5. Pelaku TPPU Pasif adalah Pelaku yang menerima pentransferan, menerima pembayaran,
menerima hadiah dan lain-lain, yang mana dia tahu atau seharusnya patut menduga bahwa
harta yang diterima berasal dari kejahatan. Perbuatan pelaku pasif ini diatur dalam Pasal 5,
dan bagi pelaku pasif ini juga hanya dikenai satu ancaman kejahatan saja, yaitu ketentuan
tindak pidana pencucian uang tanpa kejahatan asal, karena memang pelaku ini tidak terlibat
kejahatan asal, tetapi yang bersangkutan tahu atau setidaknya patut menduga bahwa harta
kekayaan tersebut berasal dari kejahatan.
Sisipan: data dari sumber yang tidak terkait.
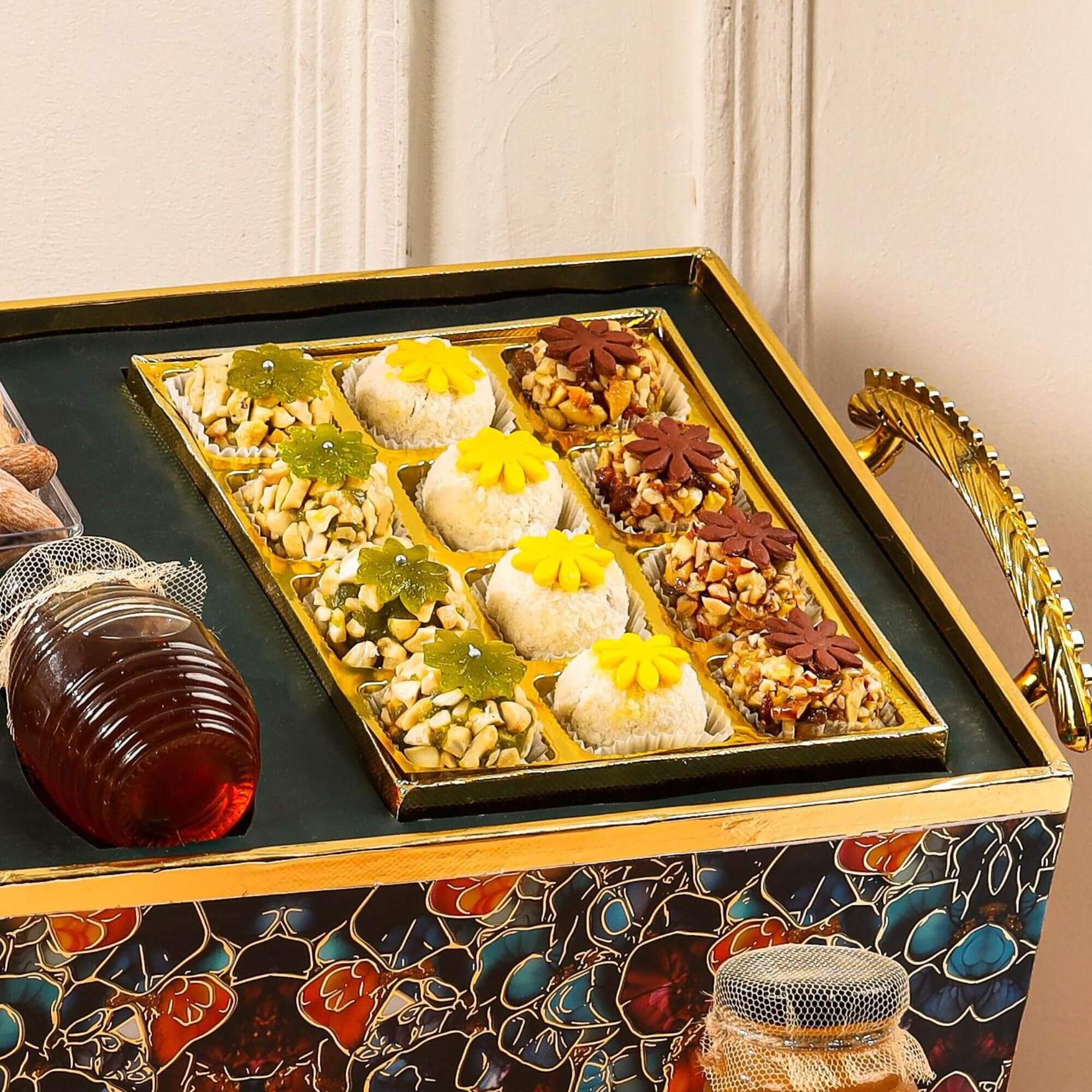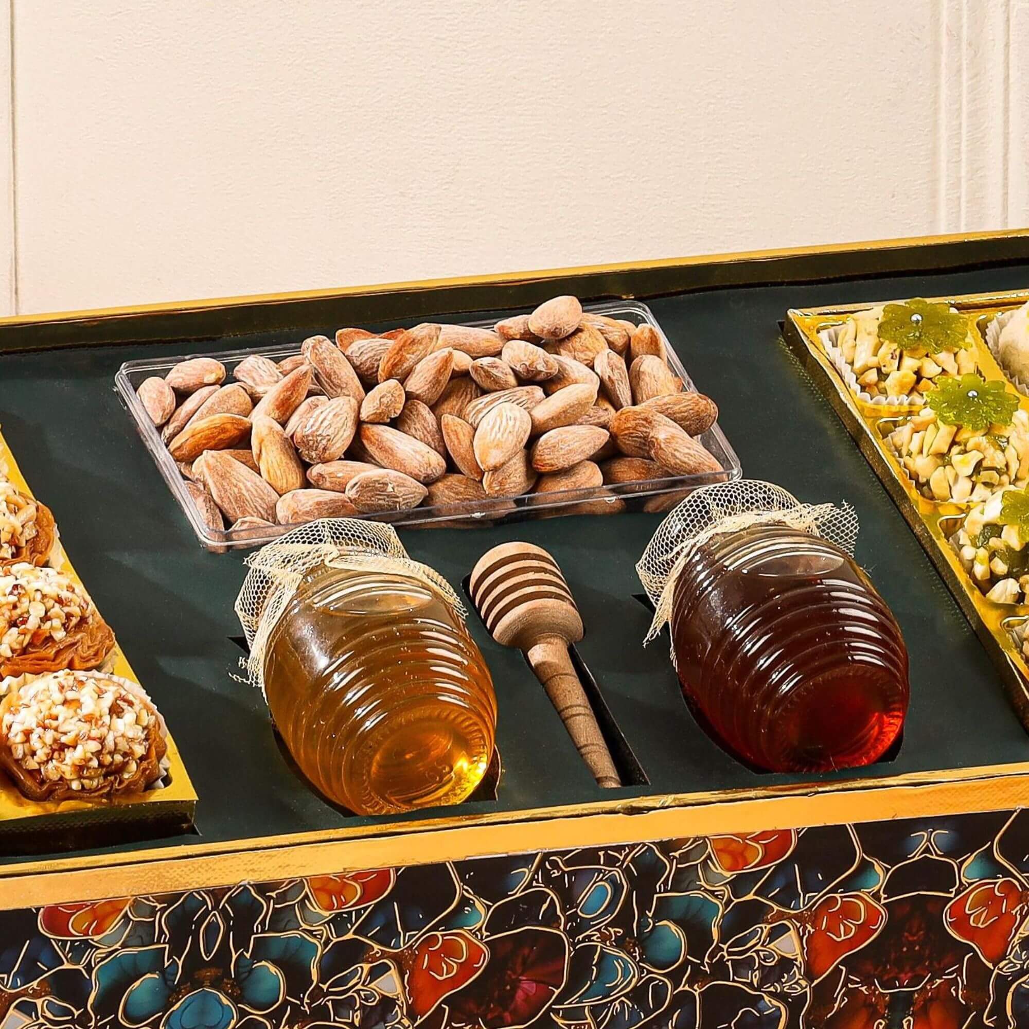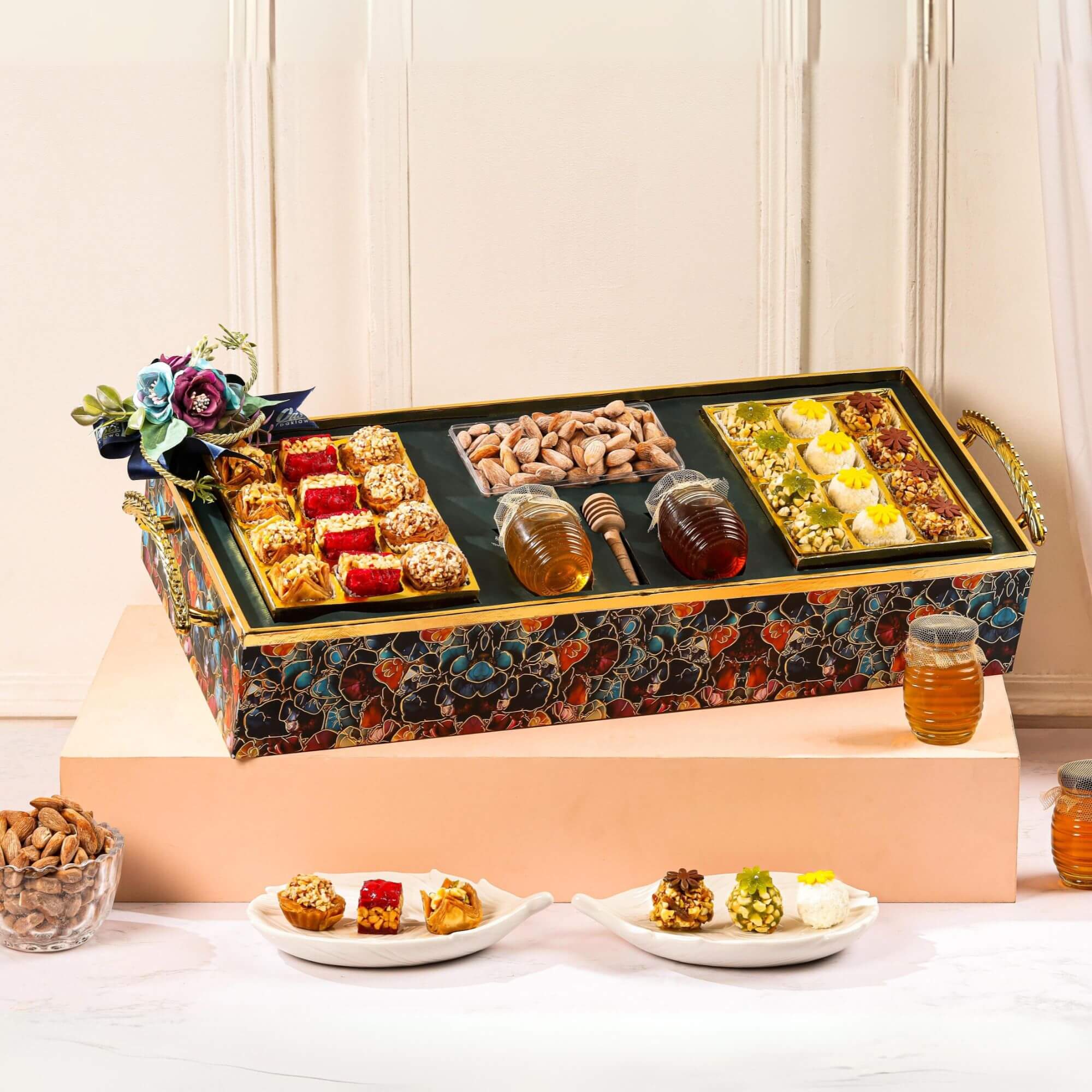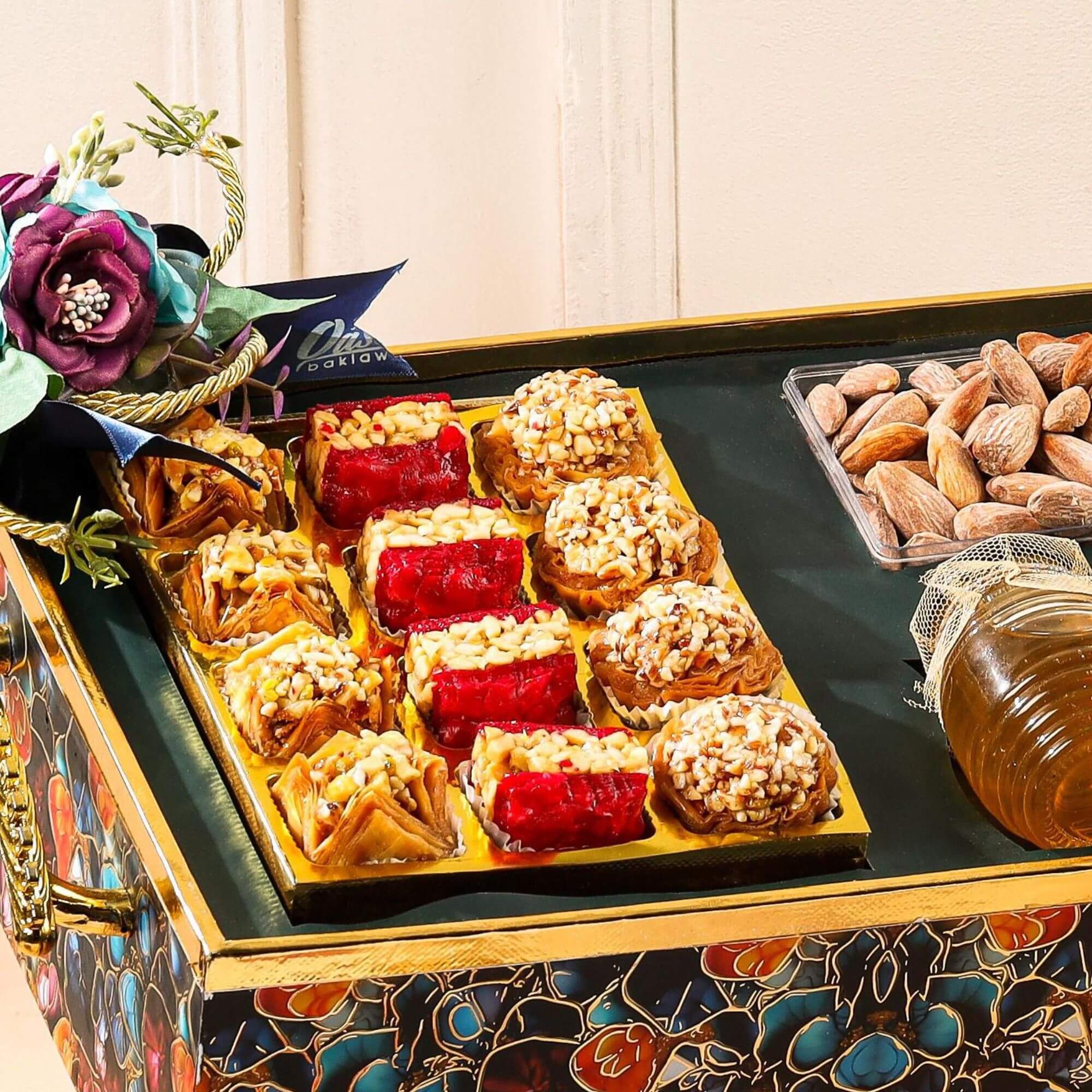 The Zinc Gift Hamper is a rich blend of handcrafted baklawas, Indian-inspired fusion sweets, premium roasted nuts, and exotic artisanal honeys. Designed to impress and delight, it’s perfect for meaningful and luxurious gifting during weddings, Diwali, Rakhi, Holi, and premium corporate celebrations.

Sebagaimana dimuat dalam UU No 8 tahun 2010 tentang Pencegahan dan Pemberantasan
Tindak Pidana Pencucian Uang Pasal 5 ayat 1, dengan bunyi pasal sebagai berikut:
“Setiap Orang yang menerima atau menguasai penempatan, pentransferan, pembayaran,
hibah, sumbangan, penitipan, penukaran, atau menggunakan Harta Kekayaan yang
diketahuinya atau patut diduganya merupakan hasil tindak pidana sebagaimana dimaksud
dalam Pasal 2 ayat (1) dipidana dengan pidana penjara paling lama 5 (lima) tahun dan
denda paling banyak Rp1.000.000.000,00 (satu miliar rupiah).”
Dalam konteks aturan tersebut, seseorang dapat dikatakan sebagai pelaku pasif apabila
memenuhi unsur mengetahui dan patut menduga bahwa dana tersebut berasal dari hasil
kejahatan atau mengetahui tentang atau maksud untuk melakukan transaksi.